(Dataset entries)
Segment Open

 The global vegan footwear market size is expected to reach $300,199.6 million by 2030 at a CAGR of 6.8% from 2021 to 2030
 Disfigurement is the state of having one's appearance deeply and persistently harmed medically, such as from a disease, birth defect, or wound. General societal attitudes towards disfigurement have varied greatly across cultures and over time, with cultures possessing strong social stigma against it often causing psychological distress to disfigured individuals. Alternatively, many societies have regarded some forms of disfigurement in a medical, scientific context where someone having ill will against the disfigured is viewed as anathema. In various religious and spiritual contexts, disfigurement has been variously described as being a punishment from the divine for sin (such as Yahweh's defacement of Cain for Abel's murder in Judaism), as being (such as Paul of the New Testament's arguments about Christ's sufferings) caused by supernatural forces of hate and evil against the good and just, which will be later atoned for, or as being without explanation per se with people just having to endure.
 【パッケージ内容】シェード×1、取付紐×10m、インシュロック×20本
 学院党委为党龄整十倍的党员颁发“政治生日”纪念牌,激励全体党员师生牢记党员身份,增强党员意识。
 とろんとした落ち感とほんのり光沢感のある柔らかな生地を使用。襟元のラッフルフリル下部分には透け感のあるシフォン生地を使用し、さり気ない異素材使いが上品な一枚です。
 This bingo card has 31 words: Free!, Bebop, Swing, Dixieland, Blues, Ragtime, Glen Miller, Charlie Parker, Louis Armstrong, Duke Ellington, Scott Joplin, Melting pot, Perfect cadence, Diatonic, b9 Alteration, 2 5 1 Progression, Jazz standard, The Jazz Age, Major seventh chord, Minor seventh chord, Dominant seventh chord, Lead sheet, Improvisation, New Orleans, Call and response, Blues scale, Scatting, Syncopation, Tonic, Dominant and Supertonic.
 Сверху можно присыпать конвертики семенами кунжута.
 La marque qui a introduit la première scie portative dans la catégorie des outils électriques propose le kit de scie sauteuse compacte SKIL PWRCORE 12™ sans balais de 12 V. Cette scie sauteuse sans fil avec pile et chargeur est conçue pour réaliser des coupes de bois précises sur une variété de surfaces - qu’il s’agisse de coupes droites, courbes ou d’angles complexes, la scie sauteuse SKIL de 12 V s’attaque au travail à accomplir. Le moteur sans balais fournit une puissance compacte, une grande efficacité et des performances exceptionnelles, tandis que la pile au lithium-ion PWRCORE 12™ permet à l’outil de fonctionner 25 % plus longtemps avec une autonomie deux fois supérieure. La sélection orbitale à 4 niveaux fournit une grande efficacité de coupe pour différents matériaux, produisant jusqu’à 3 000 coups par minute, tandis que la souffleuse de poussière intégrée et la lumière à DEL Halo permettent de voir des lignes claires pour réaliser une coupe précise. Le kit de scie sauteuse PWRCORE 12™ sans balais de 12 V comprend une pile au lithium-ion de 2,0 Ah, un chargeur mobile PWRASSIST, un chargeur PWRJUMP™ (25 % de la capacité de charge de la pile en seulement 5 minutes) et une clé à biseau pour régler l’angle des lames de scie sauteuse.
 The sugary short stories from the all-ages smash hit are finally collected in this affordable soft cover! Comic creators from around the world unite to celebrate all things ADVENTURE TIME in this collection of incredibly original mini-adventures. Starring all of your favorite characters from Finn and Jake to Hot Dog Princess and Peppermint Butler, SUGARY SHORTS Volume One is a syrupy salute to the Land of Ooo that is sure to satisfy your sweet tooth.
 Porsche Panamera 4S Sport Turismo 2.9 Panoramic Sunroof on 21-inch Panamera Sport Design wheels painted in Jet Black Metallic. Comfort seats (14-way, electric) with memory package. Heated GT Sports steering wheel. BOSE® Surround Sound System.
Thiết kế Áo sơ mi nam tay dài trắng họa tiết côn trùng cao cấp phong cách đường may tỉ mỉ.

Segment Closed

_TASK DESCRIPTION:_ When the line containing "Porsche Panamera 4S" is found in the records above, restate it and every later line word for word through the last one, and nothing more.

_TASK RESPONSE:_
 Porsche Panamera 4S Sport Turismo 2.9 Panoramic Sunroof on 21-inch Panamera Sport Design wheels painted in Jet Black Metallic. Comfort seats (14-way, electric) with memory package. Heated GT Sports steering wheel. BOSE® Surround Sound System.
Thiết kế Áo sơ mi nam tay dài trắng họa tiết côn trùng cao cấp phong cách đường may tỉ mỉ.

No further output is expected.